First, research salaries in your area. In principle (practice never quite
matches this) it's your SALARY that matters, not your RAISE. For instance,
many companies give much smaller raises to employees who are already well paid
for their job title.

But if you can find evidence (from GlassDoor, surveys, any source is
reasonable) that your salary is below what would be expected for someone of
your experience and skills (or is only slightly above average while you are
well above average), then get together some notes showing this before you go
talk to HR.

And don't go talk to HR. At most companies, they don't have the authority to
set salaries. Talk to your boss. (At many companies your boss doesn't have the
authority to change your salary either, but she DOES have the ability to go
talk with those who CAN authorize it.)

Don't threaten (unless you are ACTUALLY seriously considering leaving). Just
explain in a matter-of-fact way that you feel like your are achieving quite
well, but you do not think that it has been recognized and reflected in your
salary. If you have evidence that others in your city or state are paying
better for the same role, then mention that. Then ask "Is there anything that
you can do for me?" or better yes, "What is there that you can do for me about
this?"

Then shut up. You _WILL_ feel uncomfortable having this conversation. In fact,
you probably should have practiced with your spouse or a friend so that you
can sound smoother than you feel. Act like it's a perfectly normal
conversation.
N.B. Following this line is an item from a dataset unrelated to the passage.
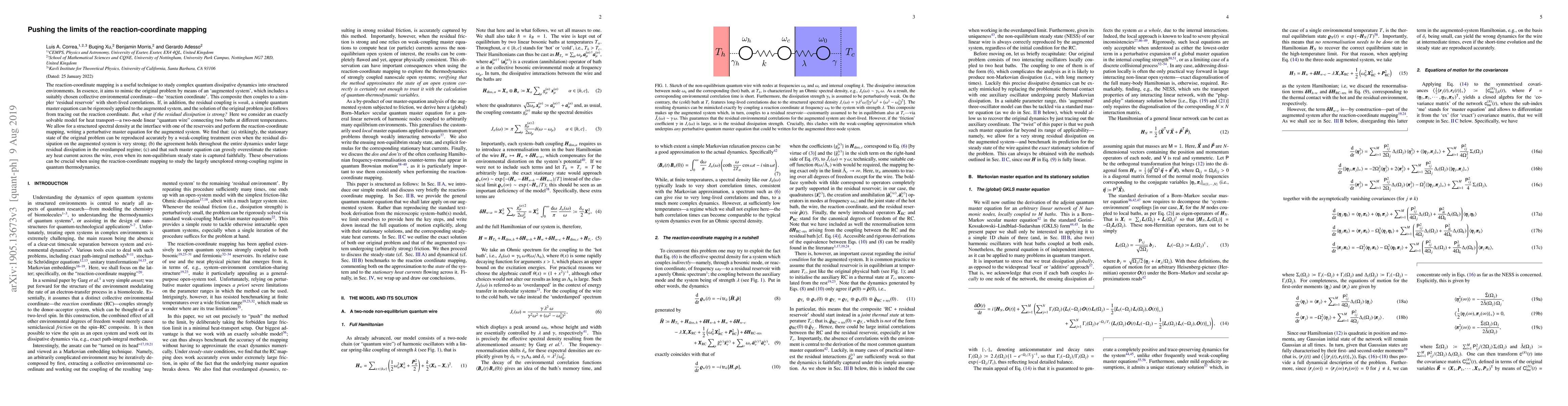 The reaction-coordinate mapping is a useful technique to study complex quantum dissipative dynamics into structured environments. In essence, it aims to mimic the original problem by means of an 'augmented system', which includes a suitably chosen collective environmental coordinate---the 'reaction coordinate'. This composite then couples to a simpler 'residual reservoir' with short-lived correlations. If, in addition, the residual coupling is weak, a simple quantum master equation can be rigorously applied to the augmented system, and the solution of the original problem just follows from tracing out the reaction coordinate. But, what if the residual dissipation is strong? Here we consider an exactly solvable model for heat transport---a two-node linear "quantum wire" connecting two baths at different temperatures. We allow for a structured spectral density at the interface with one of the reservoirs and perform the reaction-coordinate mapping, writing a perturbative master equation for the augmented system. We find that: (a) strikingly, the stationary state of the original problem can be reproduced accurately by a weak-coupling treatment even when the residual dissipation on the augmented system is very strong; (b) the agreement holds throughout the entire dynamics under large residual dissipation in the overdamped regime; (c) and that such master equation can grossly overestimate the stationary heat current across the wire, even when its non-equilibrium steady state is captured faithfully. These observations can be crucial when using the reaction-coordinate mapping to study the largely unexplored strong-coupling regime in quantum thermodynamics.

But the truth is that your boss probably isn't comfortable with
the conversation either (most managers aren't). So leave her hanging, and see
what she says.

And be VERY open (you can even suggest this) to your boss taking some time to
talk to people about it. Just don't leave it open-ended: set some reasonable
deadline (2 weeks?). You can also be open to some creative solutions. Perhaps
they can't change your salary, but they can offer you a bonus if you succeed
at a major project. Perhaps they can't offer you a bigger raise but they might
be able to give you some stock options. Encourage them to find some way to
make you happier.

And after the discussion is over, be sure to communicate how you feel. If you
think that they made a real effort to meet you half-way and you appreciate
that, then say so. If they said there was nothing that they could do for you
then let them know that you're not leaving (are you?) but that you are
disappointed, and that you hope they will reconsider after you prove your
worth on the projects you are now working one.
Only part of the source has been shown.